### ACTIVITY:
Write the lines out again, from the top of the material to the line containing "The vegetables that", pictures excluded.

### PROVIDED ENTRIES:
———
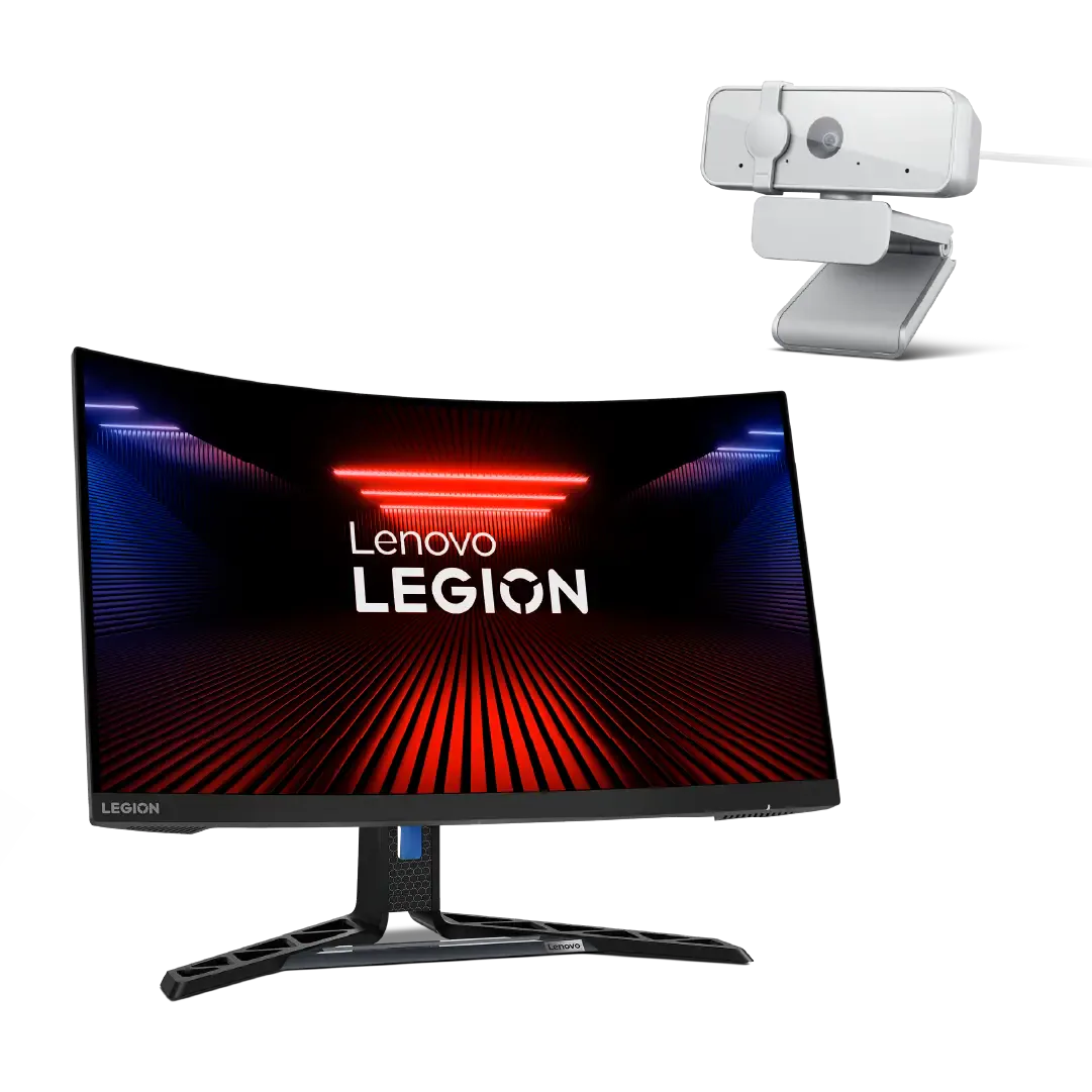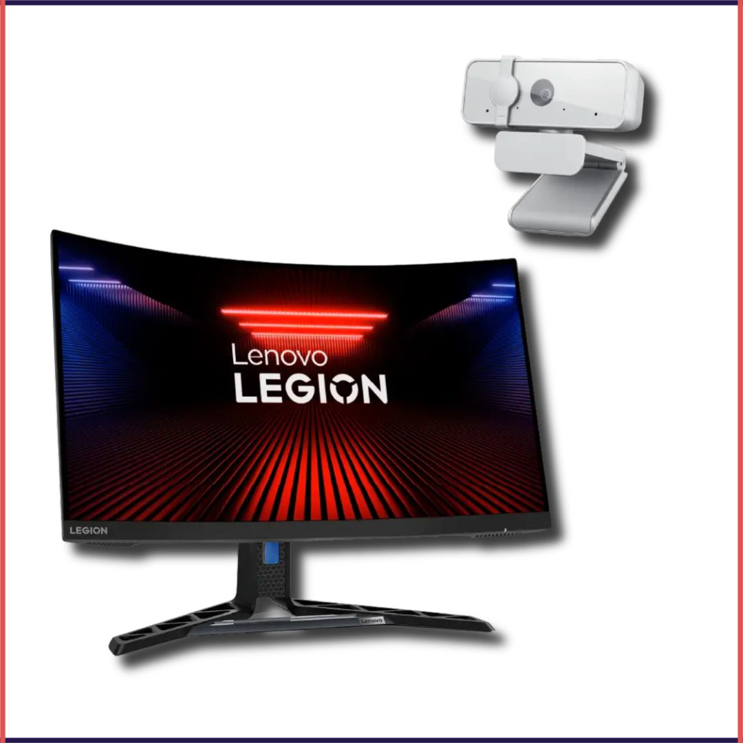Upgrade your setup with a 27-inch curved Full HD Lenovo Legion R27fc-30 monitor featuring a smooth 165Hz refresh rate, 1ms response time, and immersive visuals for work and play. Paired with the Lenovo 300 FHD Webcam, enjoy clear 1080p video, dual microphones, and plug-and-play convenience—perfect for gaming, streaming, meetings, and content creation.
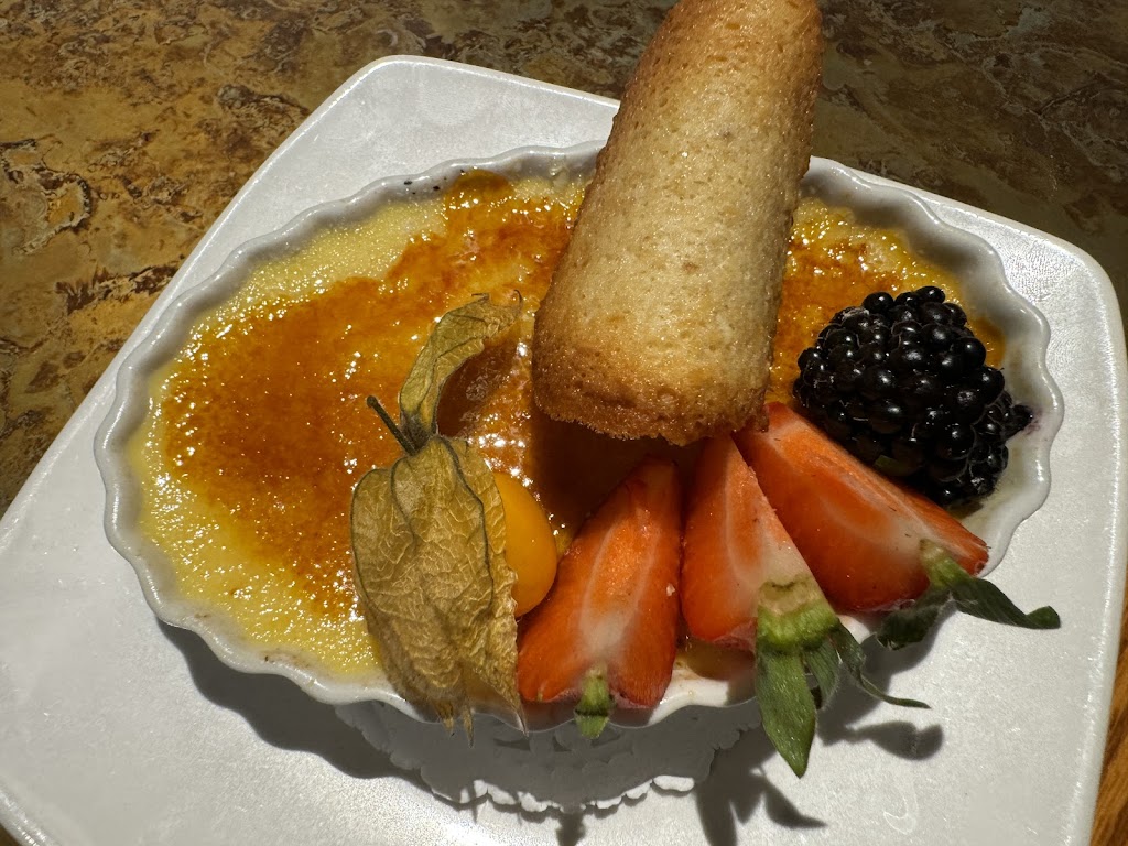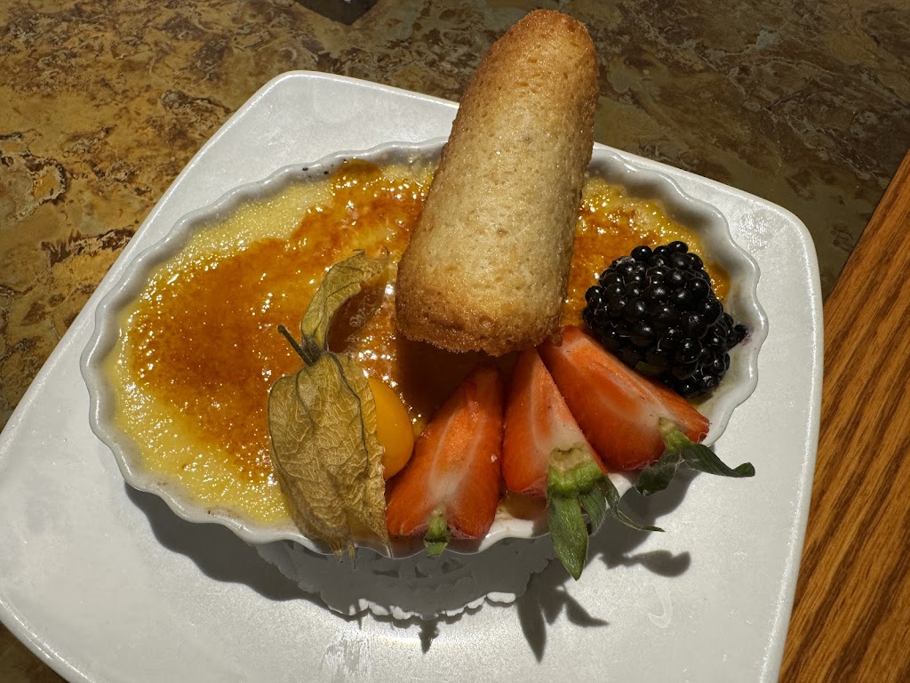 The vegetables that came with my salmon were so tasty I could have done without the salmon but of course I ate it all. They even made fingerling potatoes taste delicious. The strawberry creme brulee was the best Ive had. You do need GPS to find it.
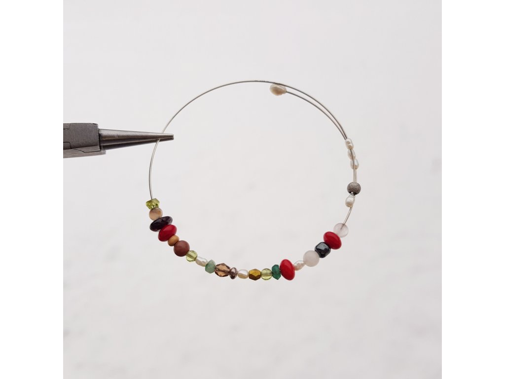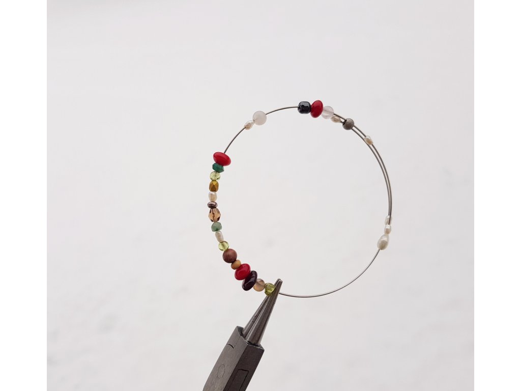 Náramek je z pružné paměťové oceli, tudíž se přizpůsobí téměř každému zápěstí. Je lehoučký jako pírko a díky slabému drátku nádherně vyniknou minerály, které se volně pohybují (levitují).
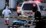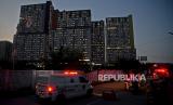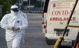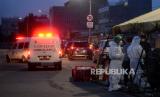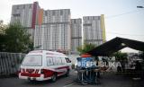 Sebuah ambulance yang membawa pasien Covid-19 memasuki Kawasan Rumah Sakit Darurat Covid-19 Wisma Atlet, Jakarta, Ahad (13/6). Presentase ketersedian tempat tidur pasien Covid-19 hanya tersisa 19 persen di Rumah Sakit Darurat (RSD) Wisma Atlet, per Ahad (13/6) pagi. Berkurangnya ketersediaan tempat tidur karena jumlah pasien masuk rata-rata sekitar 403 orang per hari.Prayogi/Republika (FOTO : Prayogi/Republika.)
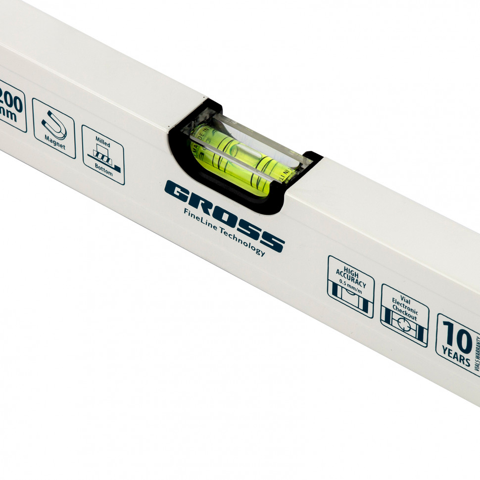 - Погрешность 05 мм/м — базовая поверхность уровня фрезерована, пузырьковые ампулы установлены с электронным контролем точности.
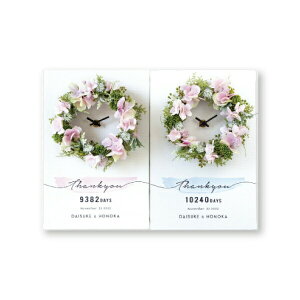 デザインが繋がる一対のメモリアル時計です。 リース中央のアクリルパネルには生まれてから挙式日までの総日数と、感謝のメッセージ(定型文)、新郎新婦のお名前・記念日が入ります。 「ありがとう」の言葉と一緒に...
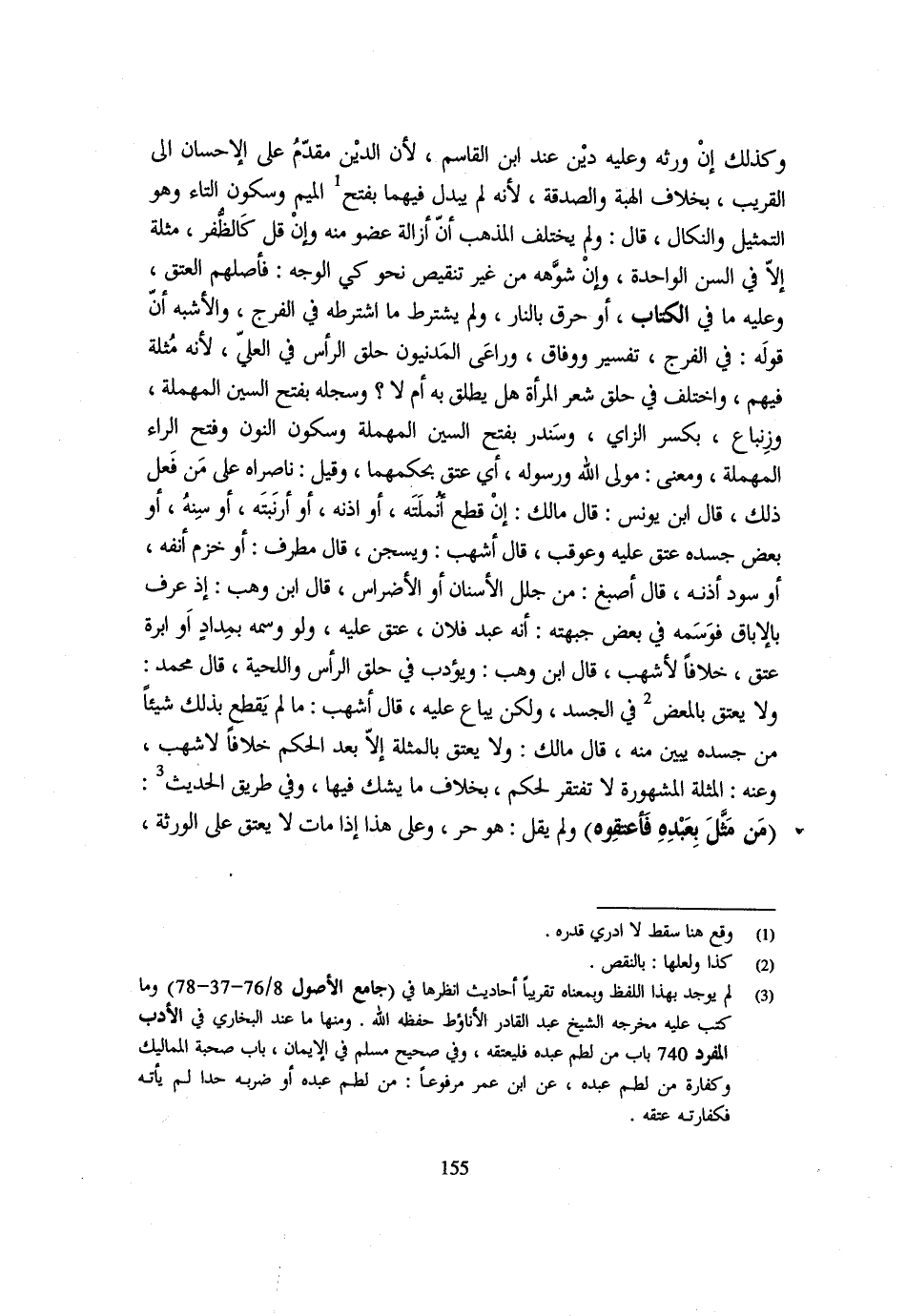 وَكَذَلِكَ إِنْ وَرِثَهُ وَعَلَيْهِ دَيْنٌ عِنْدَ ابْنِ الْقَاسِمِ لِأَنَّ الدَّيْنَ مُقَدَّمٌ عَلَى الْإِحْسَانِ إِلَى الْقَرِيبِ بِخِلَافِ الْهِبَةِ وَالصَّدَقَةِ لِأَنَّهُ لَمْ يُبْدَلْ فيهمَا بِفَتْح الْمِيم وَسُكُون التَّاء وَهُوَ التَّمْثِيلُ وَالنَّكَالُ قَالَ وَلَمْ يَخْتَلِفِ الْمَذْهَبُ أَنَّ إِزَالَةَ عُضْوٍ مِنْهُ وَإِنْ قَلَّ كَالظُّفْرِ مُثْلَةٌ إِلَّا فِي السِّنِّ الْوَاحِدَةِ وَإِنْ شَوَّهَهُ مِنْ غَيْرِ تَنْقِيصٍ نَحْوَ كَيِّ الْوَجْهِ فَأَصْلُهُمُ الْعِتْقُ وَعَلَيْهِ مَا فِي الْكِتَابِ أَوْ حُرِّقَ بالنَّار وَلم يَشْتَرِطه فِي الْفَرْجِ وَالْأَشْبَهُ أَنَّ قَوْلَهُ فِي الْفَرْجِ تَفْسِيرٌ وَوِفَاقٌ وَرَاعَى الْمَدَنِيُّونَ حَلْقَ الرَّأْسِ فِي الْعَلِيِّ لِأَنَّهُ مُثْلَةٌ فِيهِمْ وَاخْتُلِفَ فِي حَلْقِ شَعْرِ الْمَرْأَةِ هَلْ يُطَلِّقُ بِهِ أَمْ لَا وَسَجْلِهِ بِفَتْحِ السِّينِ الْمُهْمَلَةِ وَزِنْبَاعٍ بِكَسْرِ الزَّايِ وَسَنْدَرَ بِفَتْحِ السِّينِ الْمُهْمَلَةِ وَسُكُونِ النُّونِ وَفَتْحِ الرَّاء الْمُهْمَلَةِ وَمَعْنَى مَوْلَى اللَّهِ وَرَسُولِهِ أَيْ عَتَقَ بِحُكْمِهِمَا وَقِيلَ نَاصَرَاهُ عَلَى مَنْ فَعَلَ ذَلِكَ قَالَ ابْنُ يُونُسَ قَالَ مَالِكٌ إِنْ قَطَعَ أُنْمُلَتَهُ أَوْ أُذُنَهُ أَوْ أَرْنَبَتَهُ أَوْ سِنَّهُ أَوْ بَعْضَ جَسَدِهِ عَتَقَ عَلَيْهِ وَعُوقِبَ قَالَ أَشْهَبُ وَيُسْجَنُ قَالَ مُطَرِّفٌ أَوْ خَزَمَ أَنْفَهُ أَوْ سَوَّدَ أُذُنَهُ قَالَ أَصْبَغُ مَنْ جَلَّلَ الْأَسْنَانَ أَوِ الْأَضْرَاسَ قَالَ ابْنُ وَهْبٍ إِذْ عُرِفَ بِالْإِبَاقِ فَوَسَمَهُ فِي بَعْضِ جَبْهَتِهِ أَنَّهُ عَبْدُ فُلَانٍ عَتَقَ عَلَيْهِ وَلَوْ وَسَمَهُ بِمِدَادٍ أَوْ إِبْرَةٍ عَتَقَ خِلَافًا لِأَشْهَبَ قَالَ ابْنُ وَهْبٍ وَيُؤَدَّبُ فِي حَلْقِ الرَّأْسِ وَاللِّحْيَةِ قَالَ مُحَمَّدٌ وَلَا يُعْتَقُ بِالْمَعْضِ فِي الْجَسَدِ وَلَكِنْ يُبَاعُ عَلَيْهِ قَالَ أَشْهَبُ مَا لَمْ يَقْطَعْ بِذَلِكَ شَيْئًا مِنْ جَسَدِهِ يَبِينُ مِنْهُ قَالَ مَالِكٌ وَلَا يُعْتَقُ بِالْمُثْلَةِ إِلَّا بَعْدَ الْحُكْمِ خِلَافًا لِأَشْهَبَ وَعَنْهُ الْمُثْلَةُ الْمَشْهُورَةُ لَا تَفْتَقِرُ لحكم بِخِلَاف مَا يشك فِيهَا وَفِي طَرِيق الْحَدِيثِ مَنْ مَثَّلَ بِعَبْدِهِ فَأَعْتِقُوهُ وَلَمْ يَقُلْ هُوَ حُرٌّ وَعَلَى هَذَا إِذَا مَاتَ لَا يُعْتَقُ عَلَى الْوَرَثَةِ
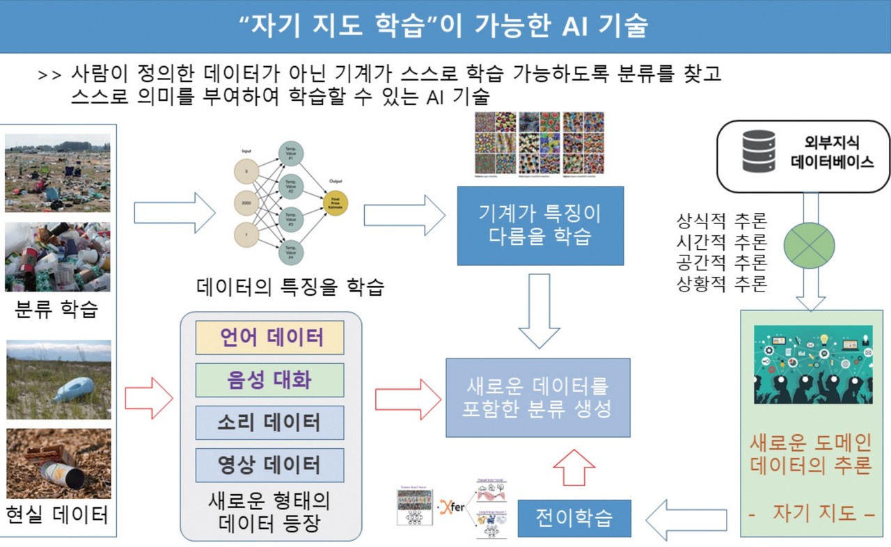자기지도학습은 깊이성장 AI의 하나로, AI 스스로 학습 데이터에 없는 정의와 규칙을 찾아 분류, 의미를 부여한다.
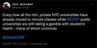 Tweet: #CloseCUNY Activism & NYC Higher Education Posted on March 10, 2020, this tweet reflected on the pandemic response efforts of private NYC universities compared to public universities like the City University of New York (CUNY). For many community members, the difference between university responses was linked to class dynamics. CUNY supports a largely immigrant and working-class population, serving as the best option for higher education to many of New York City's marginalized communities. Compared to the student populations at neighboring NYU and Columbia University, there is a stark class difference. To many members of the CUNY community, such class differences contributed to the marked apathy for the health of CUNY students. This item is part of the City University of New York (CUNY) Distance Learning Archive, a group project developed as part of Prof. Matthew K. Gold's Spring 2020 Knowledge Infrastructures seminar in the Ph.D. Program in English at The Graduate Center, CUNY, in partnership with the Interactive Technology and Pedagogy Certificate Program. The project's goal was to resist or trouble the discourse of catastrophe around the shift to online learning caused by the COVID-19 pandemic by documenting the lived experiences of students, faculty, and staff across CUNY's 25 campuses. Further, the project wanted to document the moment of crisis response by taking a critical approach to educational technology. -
———
### REPLY TO THE TASK:
Upgrade your setup with a 27-inch curved Full HD Lenovo Legion R27fc-30 monitor featuring a smooth 165Hz refresh rate, 1ms response time, and immersive visuals for work and play. Paired with the Lenovo 300 FHD Webcam, enjoy clear 1080p video, dual microphones, and plug-and-play convenience—perfect for gaming, streaming, meetings, and content creation.
 The vegetables that came with my salmon were so tasty I could have done without the salmon but of course I ate it all. They even made fingerling potatoes taste delicious. The strawberry creme brulee was the best Ive had. You do need GPS to find it.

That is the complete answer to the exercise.